What is the political impact of prison privatization? Does prison privatization introduce a new political interest group into the criminal justice sphere? Do private prison firms have an incentive to push for increased incarceration and do they have the power to succeed? How similar, or different, are the political goals and strategies of private prison firms from other groups interested in the operation of prisons, such as corrections officer unions?
I argue that the structure of firms sets them apart from other interest groups. The benefits of growth flow to all shareholders in a firm, and all shareholders have a stake in the increasing profitability of the firm they own. This aligns the concerns of shareholders and reduces conflict. In contrast, other groups often have constituents and stakeholders with conflicting interests. Labor unions, another politically influential type of interest group, have a fraught relationship with growth. If a labor union grows in size, many of the benefits flow not to the incumbent union members, but rather to new union members.
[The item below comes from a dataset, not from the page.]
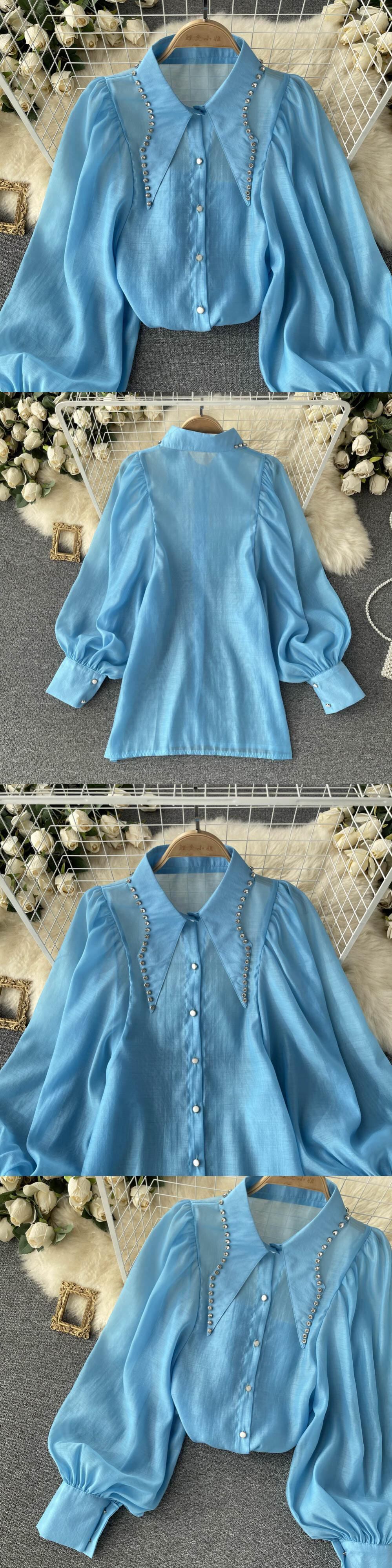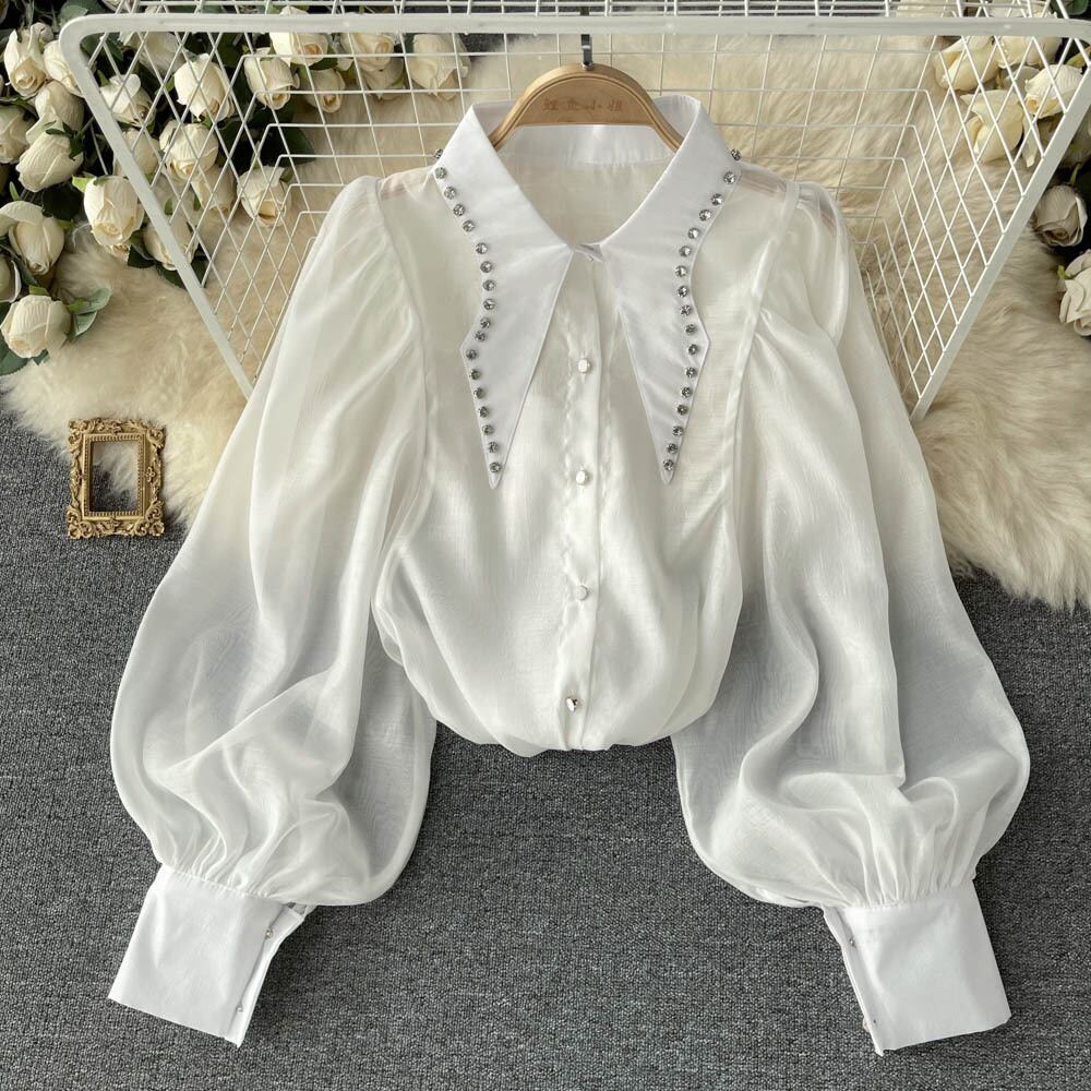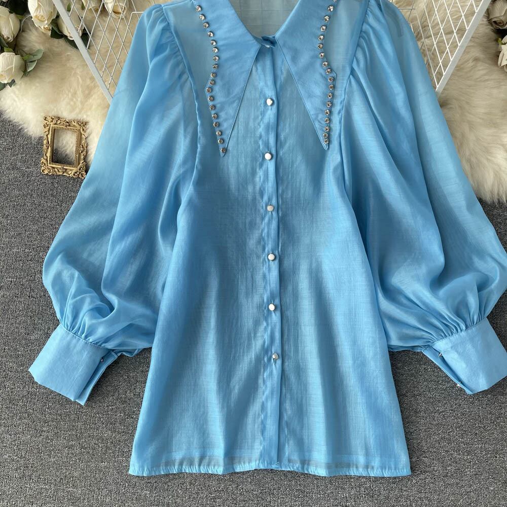 French retro temperament diamond-studded shirt women's design niche loose fashion eign style bubble long-sleeved lapel top ロング レトロ lyxaj71586070721

I argue that this distinction between firms and labor unions should manifest in different political strategies where firms are more likely to adopt pro- active political strategies aimed at increasing market share and profit, whereas labor unions will adopt defensive political strategies aimed at safeguarding the position of their current members. This implies that private prison firms have much more to gain from increased incarceration than do corrections officer unions. I compare the political activities of private prison firms and corrections officer unions and show that private prison firms do appear to value increased incarceration more than corrections officer unions. Drawing on a time series cross-sectional model, I show that privatization appears to drive increased incarceration in states within the United States. These results are robust to a variety of model specifications. These results are not driven by political shifts, crime rates, or cost savings.
This dissertation also describes the results of a series of interviews with state legislators and lobbyists. Across states, these subject matter experts believe private prison firms are more politically proactive, more politically sophisticated, and more supportive of increased incarceration than are corrections officer unions.